* WORK ITEM *
Print every entry, word for word, and skip the images.

⟨

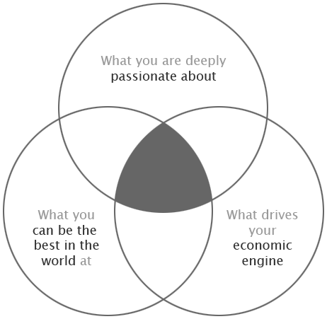 Những công ty tuyệt vời xây dựng chiến lược dựa trên điều mà Collins gọi là sự am hiểu sâu sắc 3 yếu tố then chốt. Collins giải thích 3 yếu tố này bằng 3 vòng tròn. Những công ty tuyệt vời thấu hiểu điều này và đưa ra khái niệm đơn giản và rõ ràng, dễ dàng tiếp thu và áp dụng. Khái niệm đơn giản này dẫn lối cho những nỗ lực của họ
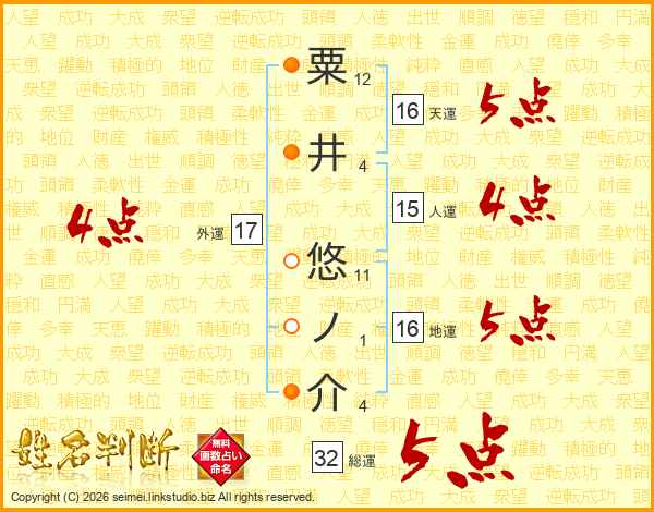 粟井悠ノ介さんの総運は32画の5点!
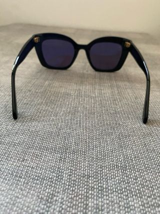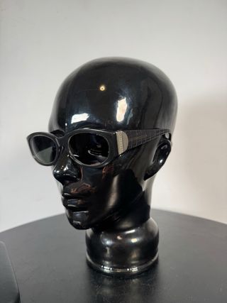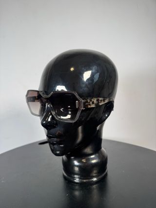 Elegantes gafas de sol con un diseño moderno y llamativo. Perfectas para añadir un toque de estilo a tu look. Son nuevas, no tienen funda. - Montura negra. - Detalles decorativos.
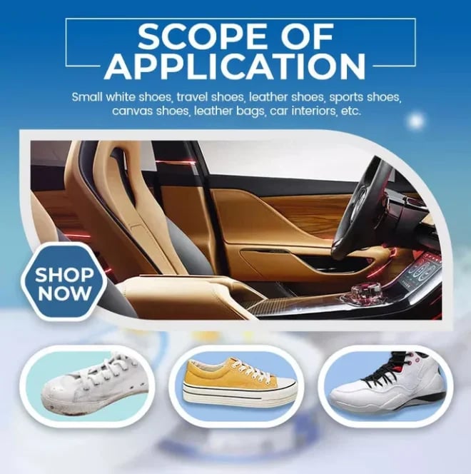 🌟 Toepassingsgebied: Van kleine witte schoenen tot leren tassen - onze veelzijdige reinigingscrème werkt wonderen op verschillende oppervlakken, waaronder reisschoenen, leren schoenen, sportschoenen, canvas schoenen en zelfs auto-interieurs!
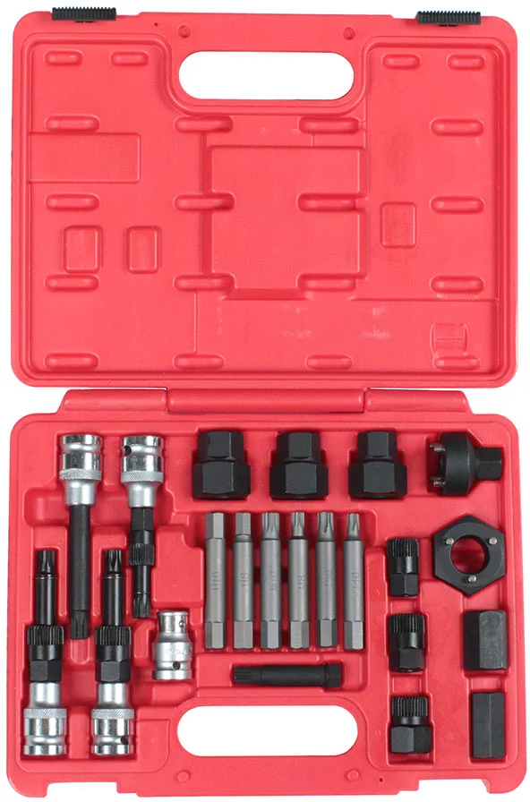 Набор для обслуживания генераторов и обгонных муфт Licota ATF-5218B. Комплект из 20 предметов в пластиковом кейсе содержит головки и вставки для монтажа/демонтажа всех типов шкивов свободного хода Bosch и Denso. Марки автомобилей: VW, Audi, Seat, Mercedes, Renault, BMW, Ford, Fiat, Honda, Toyota, Porsche и т.д.
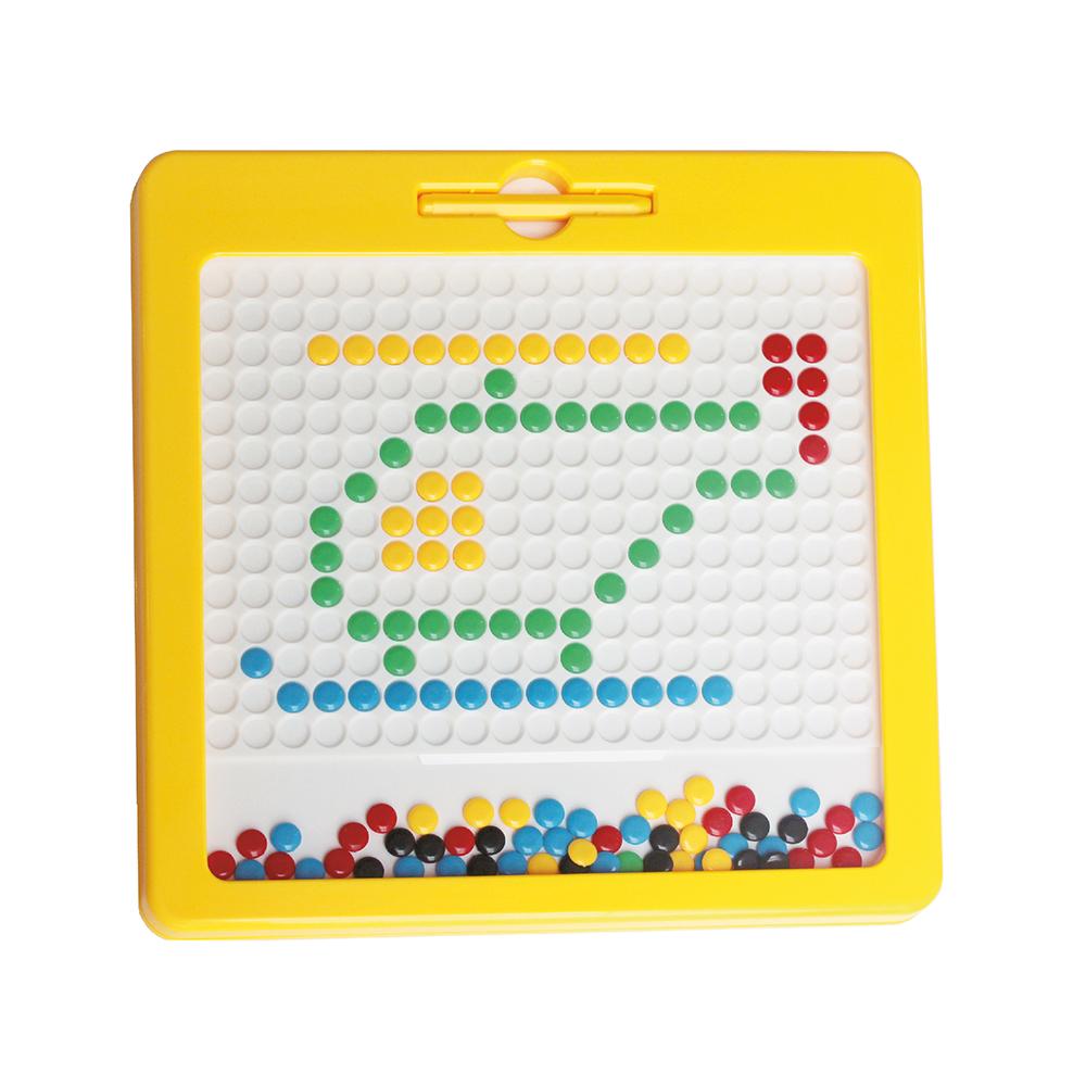 Pizarra magnetica que contiene tarjetas con patrones y un lápiz magnético que se ubica sobre la cubierta de plástico transparente, se selecciona la ficha que se quiere mover y se desliza para crear tus propios diseños o los patrones propuestos en las tarjetas.
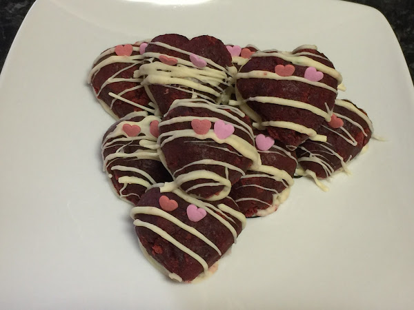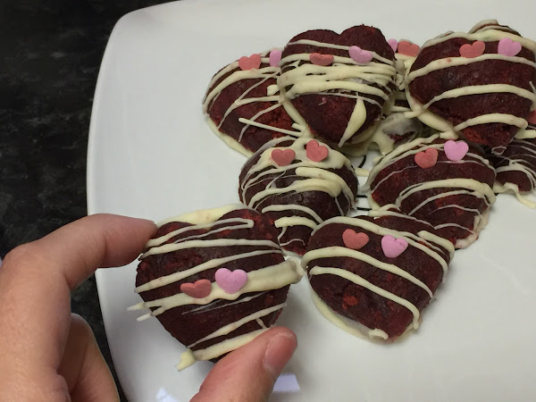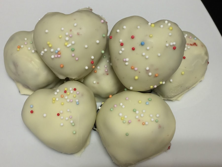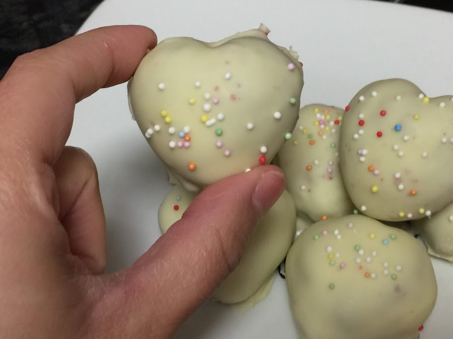 La mitad la he bañado completamente de chocolate y decorado con bolitas de corazones, y con la otra mitad, solo les he puesto chocolate en la base, y con el resto de chocolate, he decorado dibujando unos pequeños trazos por encima y terminando de decorar con corazones de azúcar.
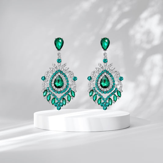 Fashion Rhinestone Statement Drop Dangle Earrings Long Colorful Crystal Bridal Wedding Teardrop Chandelier Earrings for Women Prom Pageant
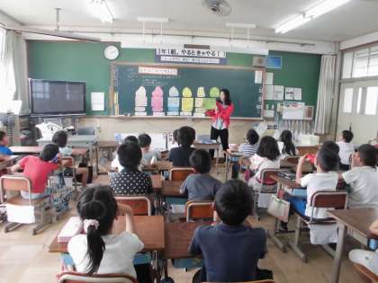 栄養教諭の山田先生に食の指導をしてもらいました。テーマは『おやつについて考えよう』です。
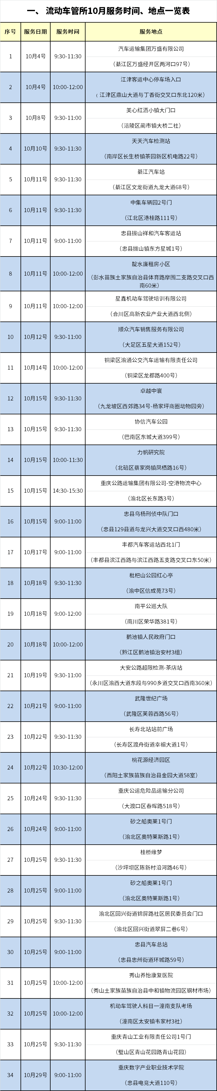 为方便驾驶人办理补(换)证、变更备案、抵押(解除)登记、摩托车检验等车驾管相关业务,市公安局交通管理局制定了流动车管所2025年10月服务计划,将组织34场车驾管上门服务,请市民根据业务办理需求,查看服务时间,按时前往办理相关业务。

⟩

* SOLUTION *
 Những công ty tuyệt vời xây dựng chiến lược dựa trên điều mà Collins gọi là sự am hiểu sâu sắc 3 yếu tố then chốt. Collins giải thích 3 yếu tố này bằng 3 vòng tròn. Những công ty tuyệt vời thấu hiểu điều này và đưa ra khái niệm đơn giản và rõ ràng, dễ dàng tiếp thu và áp dụng. Khái niệm đơn giản này dẫn lối cho những nỗ lực của họ
 粟井悠ノ介さんの総運は32画の5点!
 Elegantes gafas de sol con un diseño moderno y llamativo. Perfectas para añadir un toque de estilo a tu look. Son nuevas, no tienen funda. - Montura negra. - Detalles decorativos.
 🌟 Toepassingsgebied: Van kleine witte schoenen tot leren tassen - onze veelzijdige reinigingscrème werkt wonderen op verschillende oppervlakken, waaronder reisschoenen, leren schoenen, sportschoenen, canvas schoenen en zelfs auto-interieurs!
 Набор для обслуживания генераторов и обгонных муфт Licota ATF-5218B. Комплект из 20 предметов в пластиковом кейсе содержит головки и вставки для монтажа/демонтажа всех типов шкивов свободного хода Bosch и Denso. Марки автомобилей: VW, Audi, Seat, Mercedes, Renault, BMW, Ford, Fiat, Honda, Toyota, Porsche и т.д.
 Pizarra magnetica que contiene tarjetas con patrones y un lápiz magnético que se ubica sobre la cubierta de plástico transparente, se selecciona la ficha que se quiere mover y se desliza para crear tus propios diseños o los patrones propuestos en las tarjetas.
 La mitad la he bañado completamente de chocolate y decorado con bolitas de corazones, y con la otra mitad, solo les he puesto chocolate en la base, y con el resto de chocolate, he decorado dibujando unos pequeños trazos por encima y terminando de decorar con corazones de azúcar.
 Fashion Rhinestone Statement Drop Dangle Earrings Long Colorful Crystal Bridal Wedding Teardrop Chandelier Earrings for Women Prom Pageant
 栄養教諭の山田先生に食の指導をしてもらいました。テーマは『おやつについて考えよう』です。
 为方便驾驶人办理补(换)证、变更备案、抵押(解除)登记、摩托车检验等车驾管相关业务,市公安局交通管理局制定了流动车管所2025年10月服务计划,将组织34场车驾管上门服务,请市民根据业务办理需求,查看服务时间,按时前往办理相关业务。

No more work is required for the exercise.